INSTRUCTIONS FOR THE TASK: Please output every line of the material as it stands, without the pictures.

STORED DATA:
((

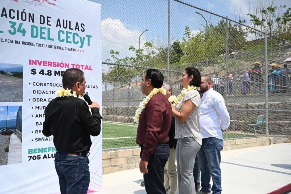 En el Colegio de Estudios Científicos y Tecnológicos del Estado de Chiapas (Cecyt) Plantel 34, ubicado en la colonia Real del Bosque, el mandatario inauguró aulas didácticas y obras exteriores, con una inversión de 4.8 millones de pesos, en beneficio de más de 700 alumnas y alumnos. Señaló que estos esfuerzos continuarán con nuevos proyectos de mejora en la infraestructura educativa de la capital.
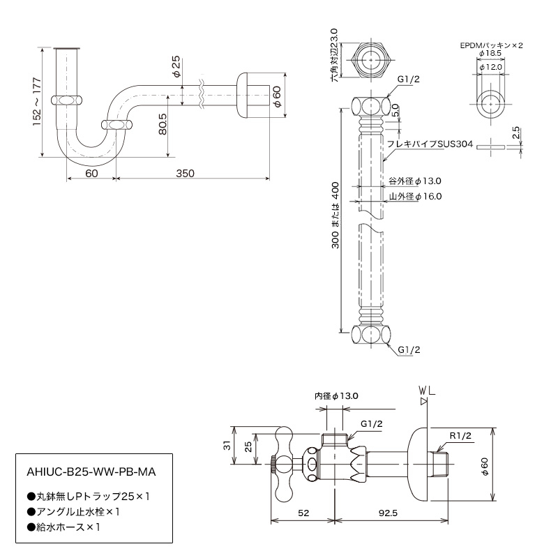 ※この商品は「壁給水(アングル止水栓)」「壁排水(Pトラップ)」を想定したセットです。
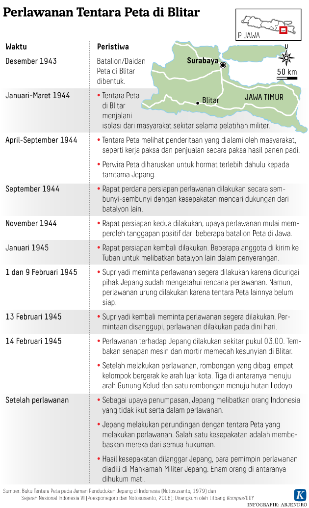 Kronologi pemberontakan PETAKenyataan pahit ini menuai kecaman keras dari Supriyadi, seorang pemuda berusia 22 tahun. Ia menyiasati rapat rahasia untuk merencanakan perlawanan yang dilakukan sejak pertengahan September 1944. Para tentara tersebut mulai menjalankan aksinya di Blitar. Namun, perlawanan tersebut tidaklah berjalan mulus karena Jepang berhasil mengepung tentara pemberontak dengan mengandalkan bantuan warga sekitar yang tidak ikut melawan serta memanggil bala bantuan dari Malang.

))

ANSWER SPACE:
 En el Colegio de Estudios Científicos y Tecnológicos del Estado de Chiapas (Cecyt) Plantel 34, ubicado en la colonia Real del Bosque, el mandatario inauguró aulas didácticas y obras exteriores, con una inversión de 4.8 millones de pesos, en beneficio de más de 700 alumnas y alumnos. Señaló que estos esfuerzos continuarán con nuevos proyectos de mejora en la infraestructura educativa de la capital.
 ※この商品は「壁給水(アングル止水栓)」「壁排水(Pトラップ)」を想定したセットです。
 Kronologi pemberontakan PETAKenyataan pahit ini menuai kecaman keras dari Supriyadi, seorang pemuda berusia 22 tahun. Ia menyiasati rapat rahasia untuk merencanakan perlawanan yang dilakukan sejak pertengahan September 1944. Para tentara tersebut mulai menjalankan aksinya di Blitar. Namun, perlawanan tersebut tidaklah berjalan mulus karena Jepang berhasil mengepung tentara pemberontak dengan mengandalkan bantuan warga sekitar yang tidak ikut melawan serta memanggil bala bantuan dari Malang.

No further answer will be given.